━━━ Provided data ━━━

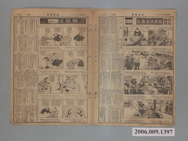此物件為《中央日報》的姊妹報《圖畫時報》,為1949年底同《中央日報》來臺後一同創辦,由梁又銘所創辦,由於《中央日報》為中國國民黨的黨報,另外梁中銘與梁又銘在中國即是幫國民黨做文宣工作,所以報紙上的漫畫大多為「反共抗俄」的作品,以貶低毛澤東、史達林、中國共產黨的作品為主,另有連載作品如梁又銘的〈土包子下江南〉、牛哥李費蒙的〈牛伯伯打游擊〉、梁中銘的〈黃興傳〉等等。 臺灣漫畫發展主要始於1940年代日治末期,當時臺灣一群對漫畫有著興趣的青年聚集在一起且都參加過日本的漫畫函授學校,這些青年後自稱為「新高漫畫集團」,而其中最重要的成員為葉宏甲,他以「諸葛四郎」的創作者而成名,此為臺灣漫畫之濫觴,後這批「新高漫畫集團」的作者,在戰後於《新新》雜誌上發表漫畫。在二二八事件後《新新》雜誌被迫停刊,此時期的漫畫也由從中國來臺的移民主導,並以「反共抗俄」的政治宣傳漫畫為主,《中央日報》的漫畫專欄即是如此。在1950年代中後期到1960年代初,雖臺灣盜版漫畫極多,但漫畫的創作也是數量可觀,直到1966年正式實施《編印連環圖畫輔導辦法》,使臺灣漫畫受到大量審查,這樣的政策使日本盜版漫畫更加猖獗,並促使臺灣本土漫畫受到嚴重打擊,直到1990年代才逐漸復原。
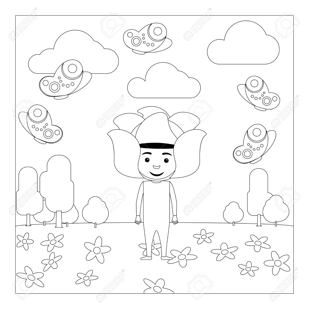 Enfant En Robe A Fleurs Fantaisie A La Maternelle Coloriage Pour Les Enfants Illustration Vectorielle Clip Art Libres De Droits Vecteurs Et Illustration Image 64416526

━━━
━━━ Provided data ━━━

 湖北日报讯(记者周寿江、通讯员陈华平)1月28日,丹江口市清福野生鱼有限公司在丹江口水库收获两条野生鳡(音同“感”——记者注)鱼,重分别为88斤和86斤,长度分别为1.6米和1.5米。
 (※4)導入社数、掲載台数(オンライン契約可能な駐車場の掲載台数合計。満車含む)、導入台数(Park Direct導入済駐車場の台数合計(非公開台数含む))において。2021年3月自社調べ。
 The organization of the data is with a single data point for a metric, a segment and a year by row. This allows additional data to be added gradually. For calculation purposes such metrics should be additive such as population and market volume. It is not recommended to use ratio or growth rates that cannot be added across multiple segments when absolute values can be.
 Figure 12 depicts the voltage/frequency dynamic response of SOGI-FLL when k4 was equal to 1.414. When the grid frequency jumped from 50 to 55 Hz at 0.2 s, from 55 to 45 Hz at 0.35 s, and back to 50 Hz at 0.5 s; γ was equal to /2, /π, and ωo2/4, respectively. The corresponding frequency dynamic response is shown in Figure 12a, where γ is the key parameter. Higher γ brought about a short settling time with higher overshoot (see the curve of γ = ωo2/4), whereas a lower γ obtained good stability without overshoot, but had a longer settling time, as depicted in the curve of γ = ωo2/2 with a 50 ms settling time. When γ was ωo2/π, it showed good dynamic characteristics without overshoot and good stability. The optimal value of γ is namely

━━━

- What you should do -
An exact copy of the lines above, from the one containing "The organization of" through the one containing "Figure 12 depicts", is the whole of the answer.

- Result of the exercise -
 The organization of the data is with a single data point for a metric, a segment and a year by row. This allows additional data to be added gradually. For calculation purposes such metrics should be additive such as population and market volume. It is not recommended to use ratio or growth rates that cannot be added across multiple segments when absolute values can be.
 Figure 12 depicts the voltage/frequency dynamic response of SOGI-FLL when k4 was equal to 1.414. When the grid frequency jumped from 50 to 55 Hz at 0.2 s, from 55 to 45 Hz at 0.35 s, and back to 50 Hz at 0.5 s; γ was equal to /2, /π, and ωo2/4, respectively. The corresponding frequency dynamic response is shown in Figure 12a, where γ is the key parameter. Higher γ brought about a short settling time with higher overshoot (see the curve of γ = ωo2/4), whereas a lower γ obtained good stability without overshoot, but had a longer settling time, as depicted in the curve of γ = ωo2/2 with a 50 ms settling time. When γ was ωo2/π, it showed good dynamic characteristics without overshoot and good stability. The optimal value of γ is namely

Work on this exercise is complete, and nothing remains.